● **The data**
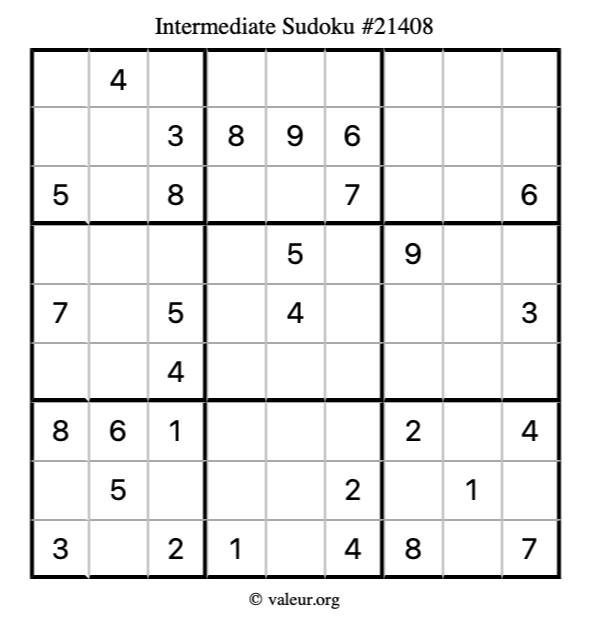 Here is our printable Intermediate Sudoku Puzzle #21408. You are welcome to print a copy for yourself and solve it the old-fashioned way with a pencil and an eraser!
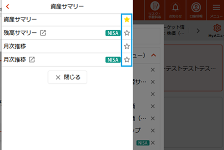 (お取引口座の開設状況等により、Myメニューに登録できる画面が限定される場合があります。)
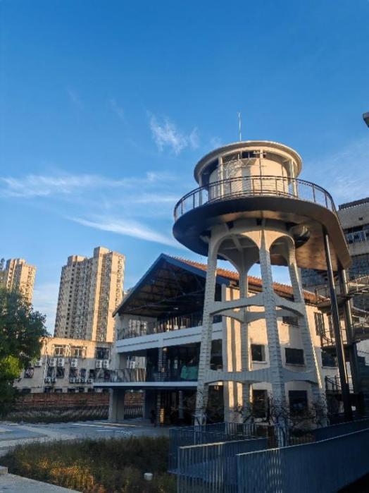 在园区最东处还有一座造于1921年,距今已超过100年的老建筑水塔。经改造后的水塔极具有工业厂区特色及景观价值,改造设计对水塔进行了结构加固,另采用独立钢结构体系增设一部旋转钢楼梯及环形观景平台,形成特色工业景观,让工业遗存可阅读。时光水塔、柳韵水岸、杏林梢声三个精心留存的景观节点穿插园区各处,既保留了场地的历史记忆,又为整个空间增添了独特的诗意与自然韵味。
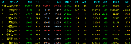 2025年10月13日,早盘开盘,国内期货主力合约涨跌不一。(欧线)跌近5%,跌近4%,SC跌超3%;涨幅方面,沪金涨超1%,、涨近1%。

● **Exercise**
Pictures stay out. Print the data exactly, from its first line through the line containing "(お取引口座の開設状況等によ".

● **Answer section**
 Here is our printable Intermediate Sudoku Puzzle #21408. You are welcome to print a copy for yourself and solve it the old-fashioned way with a pencil and an eraser!
 (お取引口座の開設状況等により、Myメニューに登録できる画面が限定される場合があります。)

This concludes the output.